Fig. 1: Wild male medaka. Medaka is a freshwater teleost from East Asia and well established model system (Aida, 1921). Small body size, short generation time, high fecundity, compact genome and high tolerance to inbreeding render medaka well suited for many studies.

The MIKK panel of inbred medaka lines, a population genetic resource

Individuals of wild populations are genetically polymorphic. Thus, even though they share the same set of genes, their genomes contain many sequence polymorphisms that affect phenotypic traits, for example morphology, physiology and behaviour. Often several polymorphisms, mostly SNPs, act on a given trait and lead to subtle quantitative phenotypic variations. A classical example is craniofacial variation of human individuals (Fig. 2). The repertoire of genetic variations in a population and their effects on a given trait are studied by genome wide association studies (GWAS) that use statistical analysis to elucidate phenotype-genotype associations. Functional tests are required to validate these statistical associations. Therefore, suitable animal models are needed.

  
Fig. 2: Individual facial variation in humans and wild Kiyosu medaka (6 billion others, Auer)

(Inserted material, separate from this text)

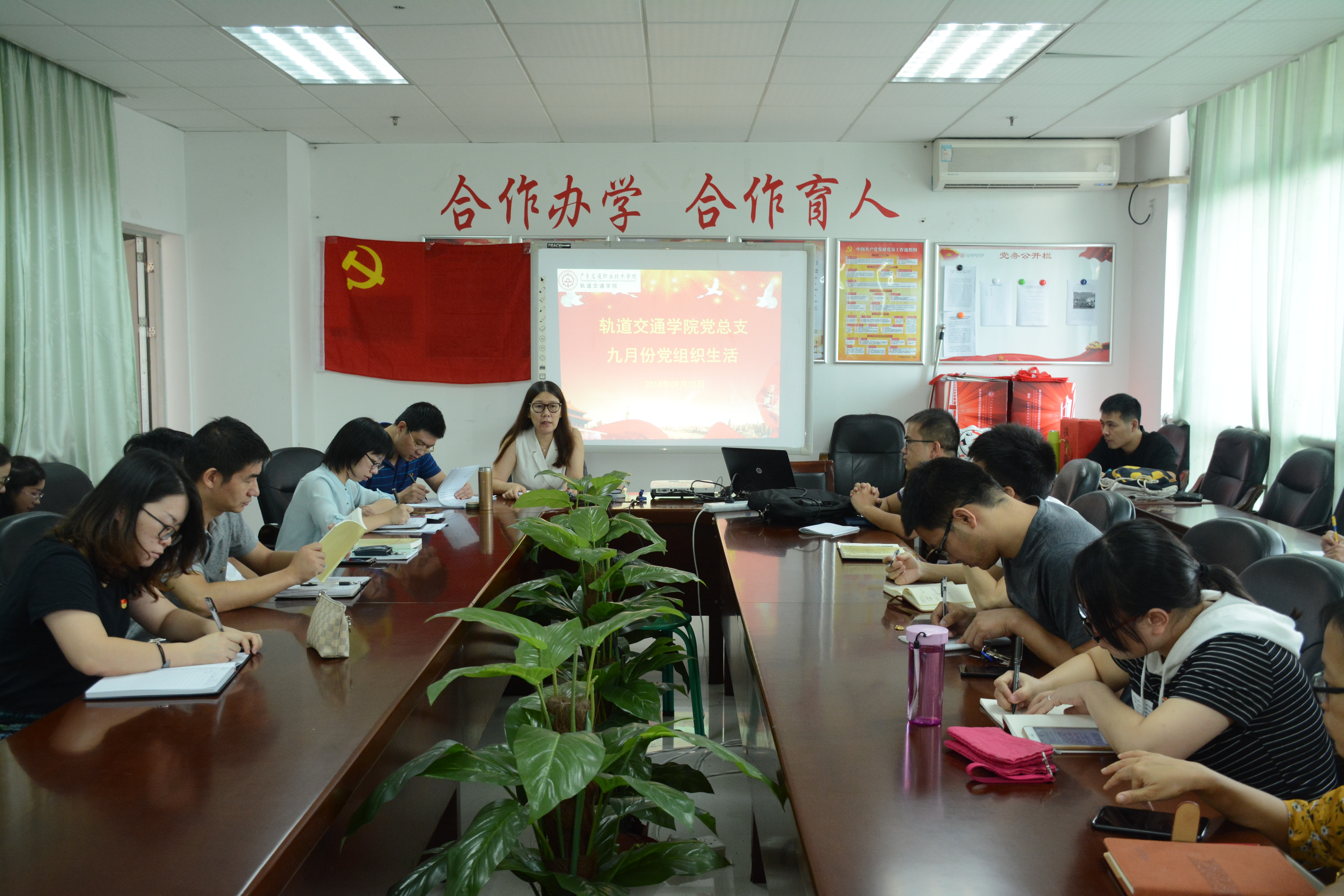 2018年9月20日下午,轨道交通学院在会议室召开了党总支全体党员会议,会议由轨道交通学院党总支书记吴璇华主持,学校副院长邓子胜和轨道交通学院党总支全体教工党员参加了会议。

A vertebrate animal model for GWAS should allow phenotypic and genetic analysis of a large number of individuals (> 1000) to achieve statistical significance of association. Inbred lines are important to permit experimental replication using the same set of genetic variants (i.e. genetic background). Medaka (Oryzias latipes) is a well established and fecund genetic vertebrate model and fulfills these criteria as it has a high tolerance to inbreeding from the wild (Hyodo-Taguchi and Egami, 1985). Furthermore medaka wild catches can easily be obtained from their natural habitat in Japan (Spivakov et al., 2014). In collaboration with Jochen Wittbrodt (COS, HD Germany), Ewan Birney (EBI, UK), and Kiyoshi Naruse (NBRP, Japan) we have established a medaka population genetic resource to be used as a vertebrate animal model for GWAS. Importantly in addition to association studies, the inbred panel allows testing of associated SNPs by in vivo functional assays (genome editing).

wild polymorphic population inbreeding by single  brother-sister crosses  for 9 generations   panel of inbred strains

Fig. 3: Starting with random crosses of individuals from the wild population a panel of inbred strains was established by inbreeding for several generations. Each inbred line harbors a different set of genetic variants.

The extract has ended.